The Rushdie Episode - Do We Ban a Thought or the Person?

It is interesting to see all the drama that is going on at the Jaipur Literary Festival about Salman Rushdie's coming to attend the festival, the famed assassination plot, the claim that the assassination plot was a ruse planted by the Rajasthan police to keep Rushdie (and therefore controversy) away, the readings from the banned book of Salman Rushdie's 'Satanic Verses' (which earned him the famous fatwa by Ayatollah Khomeini of Iran, the first of the many fatwas I had heard since) and now subsequent clamour for arrest of the authors who read from the book, prosecution of the Litfest organisers or the authors for hurting religious sentiments and so on. For all those liberal voices who have come out in favour of Salman Rushdie (what are they in favour of, lifting the ban?), there are also conservative voices, especially from the big boss of Indian fiction, Chetan Bhagat who has said that such banned books and banned authors should not be made into 'heroes'. More fuel for the fire surely.

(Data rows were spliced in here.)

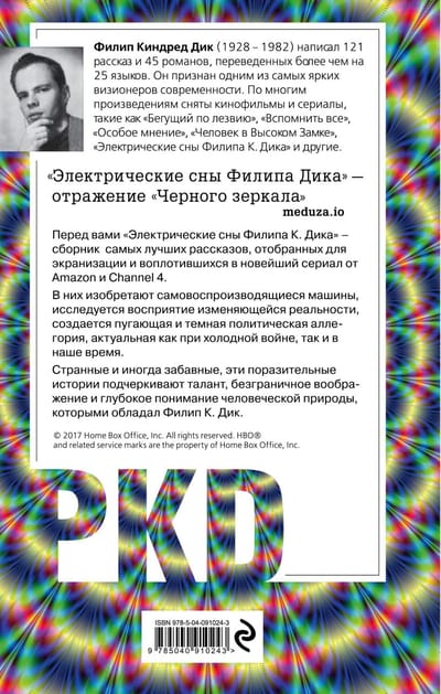 Перед вами «Электрические сны Филипа К. Дика» — сборник самых лучших рассказов, отобранных для экранизации и воплотившихся в новейший одноименный сериал от Amazon и Channel 4, спродюсированный Брайаном Крэнстоном («Во все тяжкие»). В них изобретают самовоспроизводящиеся машины, исследуется восприятие изменяющейся реальности, создается пугающая и темная политическая аллегория, актуальная как при Холодной Войне, так и в наше время. Странные и иногда забавные, эти поразительные истории подчеркивают талант, безграничное воображение и глубокое понимание человеческой природы, которыми обладал Филип К. Дик.
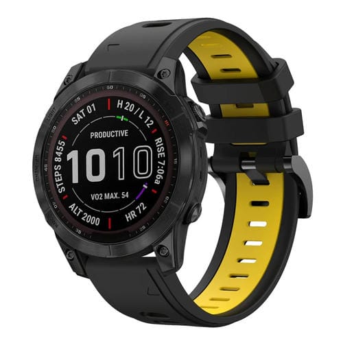 Banda de Reloj Silicona Deportiva para Garmin Fenix 7 Sapphire Solar 22mm (Negro + Amarillo)
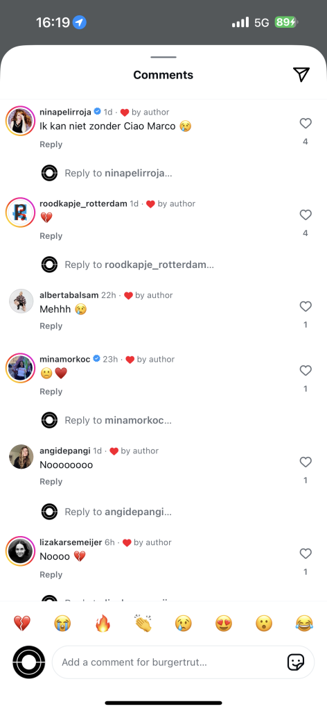 Onder de Instagram-post waarin het restaurant hun sluiting bekendmaakt, stromen vele verdrietige reacties. Velen geven aan Burgertrut te gaan missen en laten verdrietige emoji’s achter onder de post. Sommigen claimen zelfs dat ze nu de ‘beste vegan kapsalon’ van Rotterdam moeten gaan missen.

But what is interesting to me is this - do we ban the book or the person who wrote it? Do we ban the thought or the person who thought that thought? Can the person come and visit (suparis and fatwas notwithstanding) as long as one thought of his is banned? When the person comes, does he bring his thought along with him or does he leave that thought behind? How does one ban an idea, a thought? If Salman Rushdie, the person where the thought originated from, is free to walk in the country, and is not banned, can the thought be banned? The book cannot enter India but Salman Rushdie can. It is a curious case to me that the person is treated as separate from the idea.

Since publishing of books is a collaborative process, are all others in the process banned too? Not really - because the ban it appears to me covers only the idea, the book. I read somewhere that much of this furore has to do with the UP elections and the Muslim vote.

The world will move on - Rushdie or not. For all his perceived faults the winner of the Booker of Bookers, an Indian by birth, is an exceptional writer, a rare talent, and no one would deny that. It is even more interesting to know that while M.F. Hussain, another Indian of rare talent, has been hounded out of the country by Hindu fundamentalists and lived abroad and died there in his later years, Salman Rushdie could well be facing an almost similar fate, being banned by the Muslims.

But I still wonder, in these times of the internet especially, how anyone can ban an idea.